## ASSIGNED TASK:
Return the data word for word. Pictures are to be omitted.

Items from a dataset
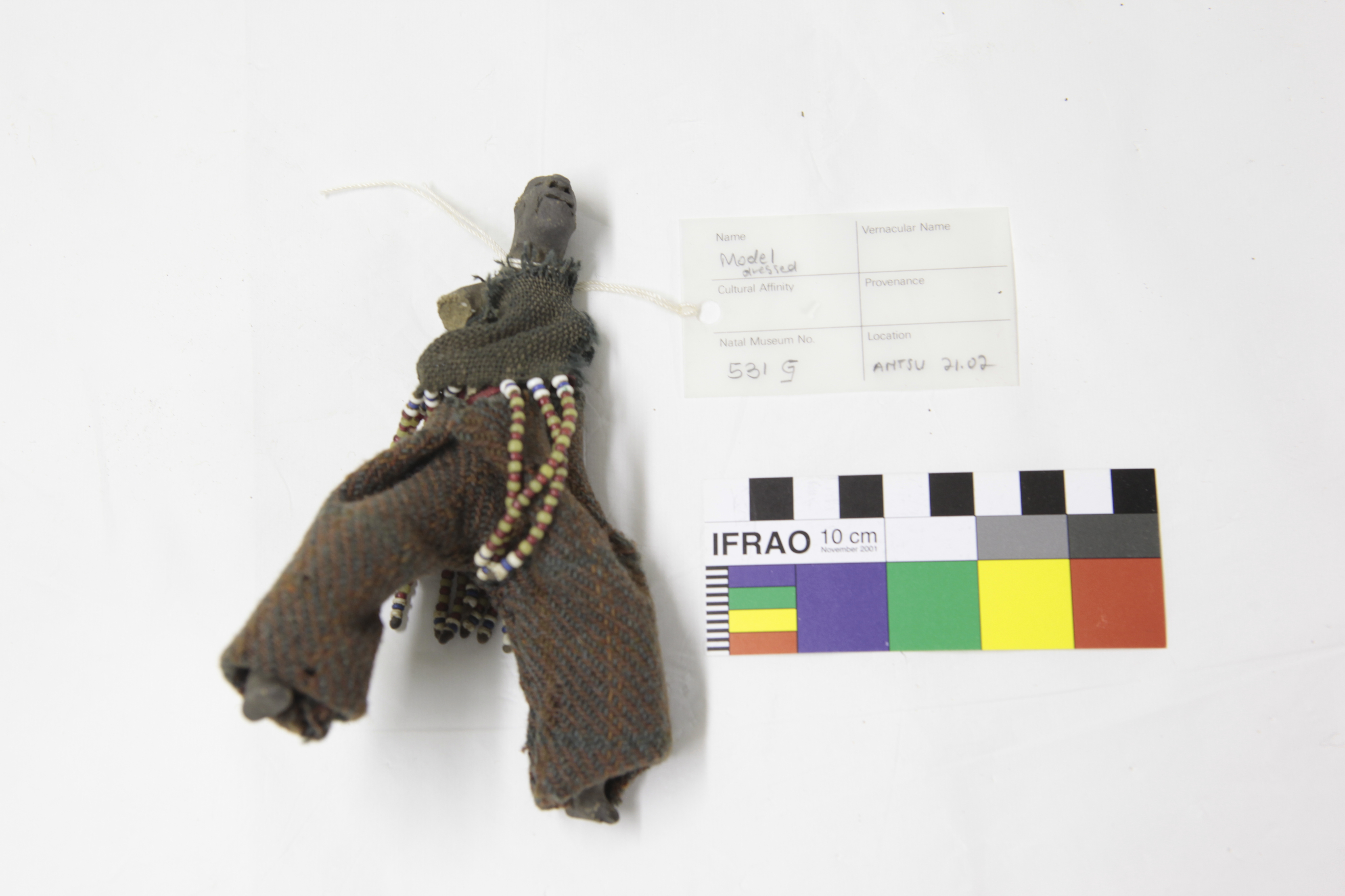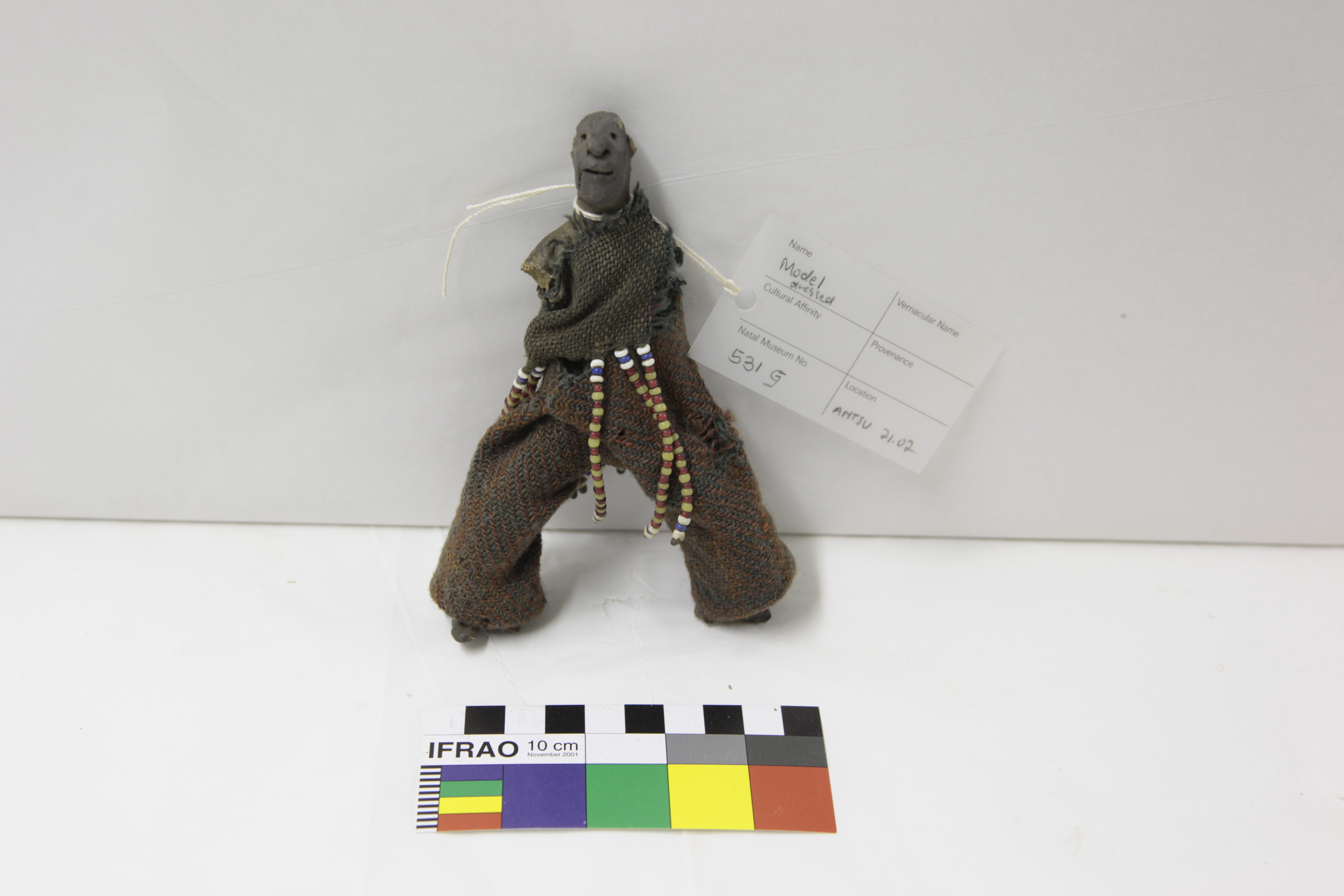 Additional information [Source - Chloe Rushovich for FHYA, 2020, transcription of KwaZulu-Natal Museum object detail catalogue material: Collection: Anthropology Accession #: 00531 Othername: Clay model Received as: Unknown Received date: 1906 Catalogued by: Frederick W. Fitzsimons Source: Franz Mayr Description: Belonging to a set of clay models. Catalogue card: "man in trousers + blanket, legs astride, remains of some sort of weapon in right hand". People: Mayr, Franz Archival history: DT&JW 2019/05/27: Identified as a duplicate number in 2017/8 audit. We checked the full object sequence and added the suffix G to this item because the card catalogue description fits. Material: Clay, fabric Provenance: Accessions register: Locality: "Edendale, Natal".]
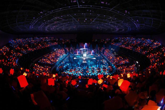 李宇春西安演唱会现场,万盏孔明灯宛如夜空精灵。同时点亮时,场馆被暖黄温柔包裹,观众脸上期待与笑意,皆成最美风景!
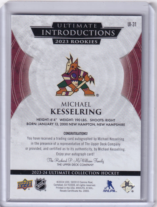 Michael Kesselring Ultimate Introductions Rookie Auto Card UI-31 2023-24 Upper Deck Ultimate Collection Rookie Card RC Arizona Coyotes
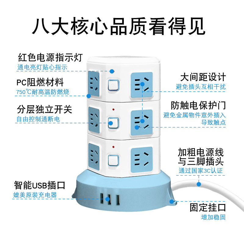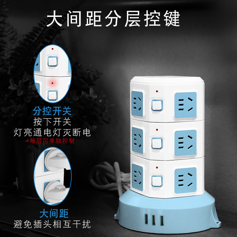 Breeze USB vertical multi-function socket household Rubik's cube row extension cord power converter wiring board extension cord
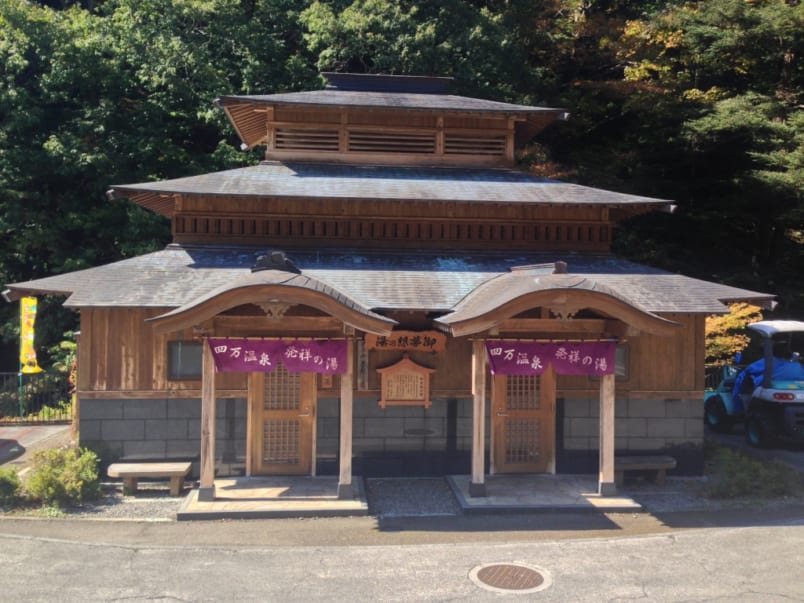 You'll eventually come to a fork in the road. There's things to see in either direction, so if possible try to leave time to see both. To your left, the valley continues to climb, culminating in the “Gomusou no Yu” (御夢想の湯) hot spring baths. This fetching wooden building is shrouded in legend, said to be the first hot spring to be founded in Shima Onsen. As it sits right at the head of the valley, the steaming waters pack a pretty powerful punch. Best of all, entrance is free!

## ANSWER SECTION:
 Additional information [Source - Chloe Rushovich for FHYA, 2020, transcription of KwaZulu-Natal Museum object detail catalogue material: Collection: Anthropology Accession #: 00531 Othername: Clay model Received as: Unknown Received date: 1906 Catalogued by: Frederick W. Fitzsimons Source: Franz Mayr Description: Belonging to a set of clay models. Catalogue card: "man in trousers + blanket, legs astride, remains of some sort of weapon in right hand". People: Mayr, Franz Archival history: DT&JW 2019/05/27: Identified as a duplicate number in 2017/8 audit. We checked the full object sequence and added the suffix G to this item because the card catalogue description fits. Material: Clay, fabric Provenance: Accessions register: Locality: "Edendale, Natal".]
 李宇春西安演唱会现场,万盏孔明灯宛如夜空精灵。同时点亮时,场馆被暖黄温柔包裹,观众脸上期待与笑意,皆成最美风景!
 Michael Kesselring Ultimate Introductions Rookie Auto Card UI-31 2023-24 Upper Deck Ultimate Collection Rookie Card RC Arizona Coyotes
 Breeze USB vertical multi-function socket household Rubik's cube row extension cord power converter wiring board extension cord
 You'll eventually come to a fork in the road. There's things to see in either direction, so if possible try to leave time to see both. To your left, the valley continues to climb, culminating in the “Gomusou no Yu” (御夢想の湯) hot spring baths. This fetching wooden building is shrouded in legend, said to be the first hot spring to be founded in Shima Onsen. As it sits right at the head of the valley, the steaming waters pack a pretty powerful punch. Best of all, entrance is free!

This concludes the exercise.